The whole point of the section of the book Chait is quoting is to tell the story of how FDR lost his "balance wheel" notions. The denouement starts on the page just after the latter portion of the quote: "It was less the dismay of Roosevelt's progressive supporters than business' own actions that led him to question the viability of the all-class alliance," Leuchtenburg writes, detailing the decision of the U.S. Chamber of Commerce to denounce the New Deal in 1935. More left-wing advisers like Felix Frankfurter seized the opportunity to argue the time had come to ditch business:
The Harvard professor insisted that the attempt at business-government co-operation had failed, and urged Roosevelt to declare war on business. Once the president had understood that business was the enemy, he would be free to undertake the Brandeisian program to cut the giants down to size ...
By Black Monday, the president had already begun to move decisively in a new direction ... Roosevelt insisted on the passage of four major pieces of legislation: the social security bill, the Wagner labor proposal, a banking bill, and a public-utility holding company measure. A few days later, he added a fifth item of "must" legislation: a "soak the rich" tax scheme. In addition, he demanded a series of minor measures, some of them highly controversial, which in any other session would have been regarded a major legislation ... Thus began the "Second Hundred Days." Over a long period Congress debated the most far-reaching reform measures it had ever considered. In the end, Roosevelt got every item of significant legislation he desired. 
This is elementary historiography of the New Deal, and Chait's use of quotes here is borderline dishonest. Indeed, as Corey Robin discovered, all this was old hat to Chait himself as recently as 2013:
[T]he neoliberal project succeeded in weaning the Democrats of the wrong turn they took during the 1960s and 1970s. The Democrats under Bill Clinton -- and Obama, whose domestic policy is crafted almost entirely by Clinton veterans -- has internalized the neoliberal critique. 
Aside from the odd choice of decades here — the neoliberal turn started in the 1970s, and what they were turning against was as much the product of the 1930s as it was the 1960s — that is more or less exactly the scheme in my article. 

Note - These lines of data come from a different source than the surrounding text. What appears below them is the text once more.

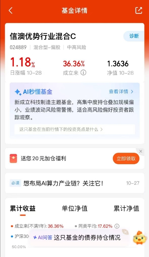 信澳优势行业混合C弹性十足,成立一年不到涨幅近36.36%,这只以“CPO概念”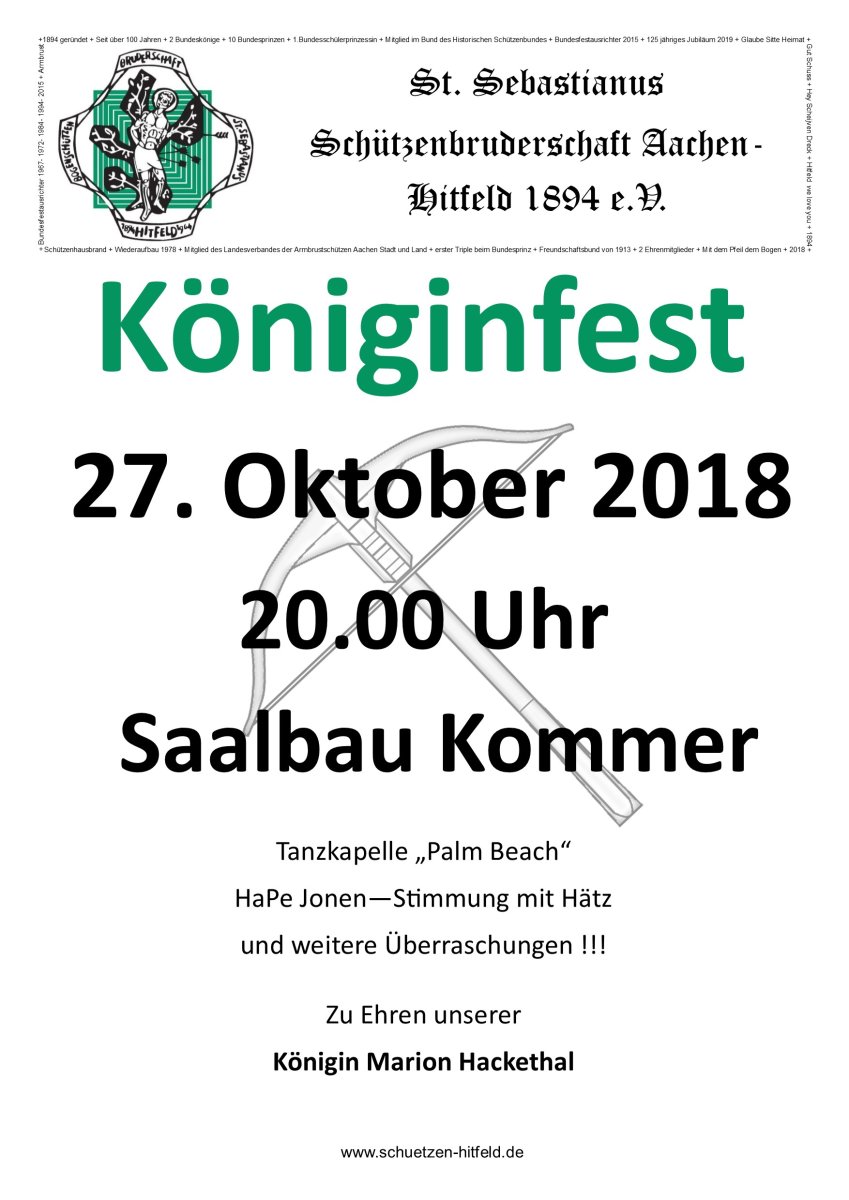 Hiermit sind alle Schützen und Freunde der Schützen sowie alle anderen zu unserem diesjährigen Königinfest 2018 im Saalbau Kommer eingeladen.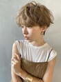 目上ギリギリのニュアンスマッシュをスタイリングでラフに動かし、大人カジュアルに。ショートでもトップを長く残すことで女性らしさもステイ。カラーは透けるベージュでやわらかく、エアリーな束感を引き立てます。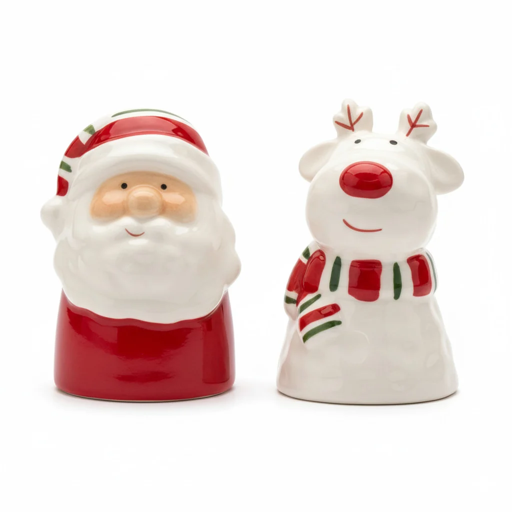 Σετ Αλατιέρας και Πιπεριέρας με Άγιο Βασίλη και Τάρανδο. Πρόκειται για ένα σετ αλατιέρας και πιπεριέρας με θέμα τον Άγιο Βασίλη και έναν τάρανδο. Το σετ είναι κεραμικό με γιορτινό, χριστουγεννιάτικο σχέδιο. Η μία αλατιέρα έχει τη μορφή του Άγιου Βασίλη με κόκκινο καπέλο και γενειάδα. Η άλλη έχει τη μορφή ταράνδου με κόκκινη μύτη και ριγέ κασκόλ. Αυτά τα διακοσμητικά αντικείμενα χρησιμοποιούνται για την προσθήκη αλατιού και πιπεριού στα γεύματα.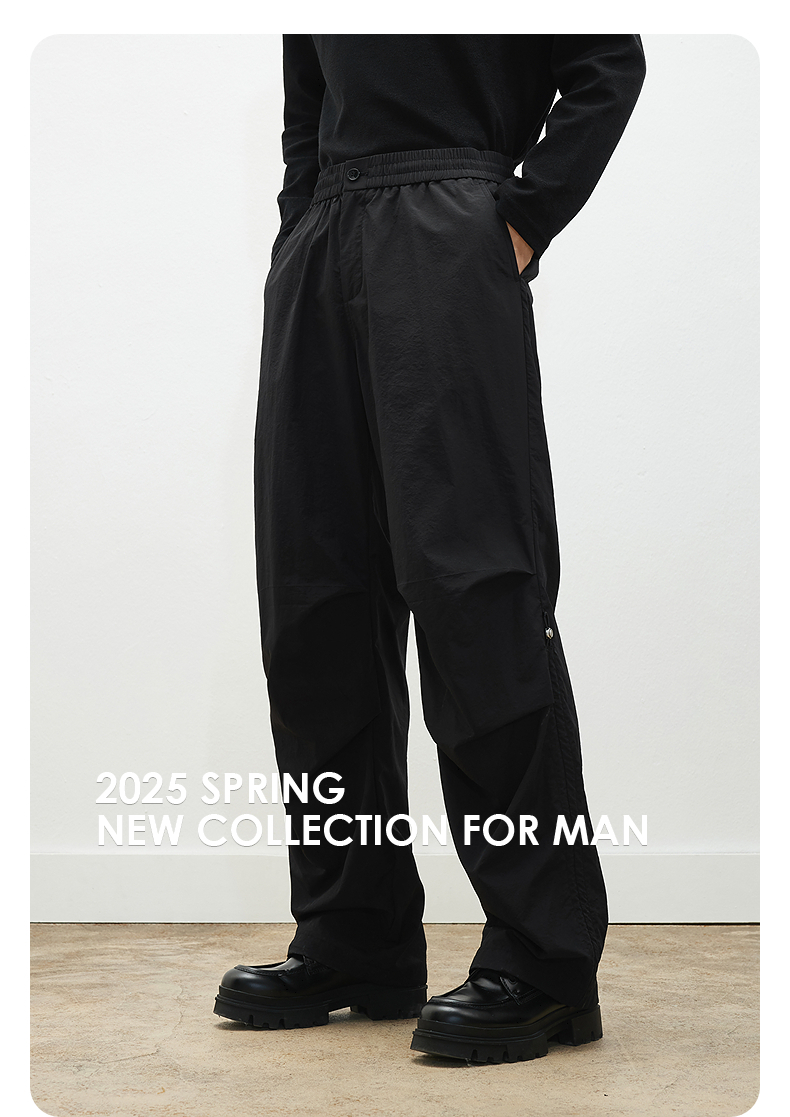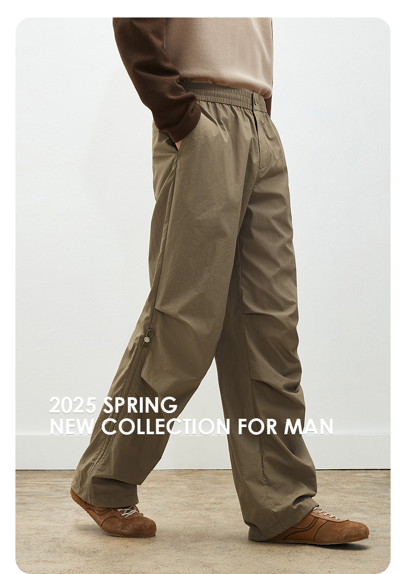GXG男装 2025年春季GXG热卖时尚抽褶工装裤男士直筒休闲长裤

So what is going on here? 

As I argued in my article, it's basically impossible nowadays to ignore the carnage wreaked by the neoliberal turn. Inequality is way, way up, growth is down, welfare reform increased extreme poverty by 150 percent, free trade helped wreck the American industrial base, and so on. Not all that is Democrats' fault of course, but they collaborated on most of them. Especially since the rise of Black Lives Matter, the role of neoliberal Democrats like Joe Biden and the Clintons in stoking mass incarceration has come under severe criticism.

It's also clear that by far the greatest energy among Democrats is on the left. New Deal-ish Bernie Sanders is the most popular working politician in the country — and largely on the strength of gargantuan margins among the young. Just in the last few days, a brushfire outbreak of labor militancy has swept from West Virginia to Virginia and Oklahoma.

These are trying circumstances for the advocates of education "reform" (and teacher union busting), means testing, and other such free-markety claptrap. So advancing a ridiculous revisionist history of Democratic Party ideology is, in the first place, a way to hide behind FDR's skirts, where one can continue to attack the left as interlopers instead of heirs to a legitimate tradition.

But that also makes it, partially at least, a tacit admission that the whole neoliberal project has failed. Even a warped version of 1930s-style policy would be a gigantic change from the Democratic status quo, no matter what bizarre label Chait and Watson try to pin on it. And it needs to happen, quite obviously, because the neoliberal turn was a disastrous mistake that needs to be reversed.


  1. Yes, but the issue is the professional class in America is still convinced that Obama and Clinton were great Presidents. It looks like it is going to have be the Young, and Urban & Rural Americans from the working class work to turn this ship around.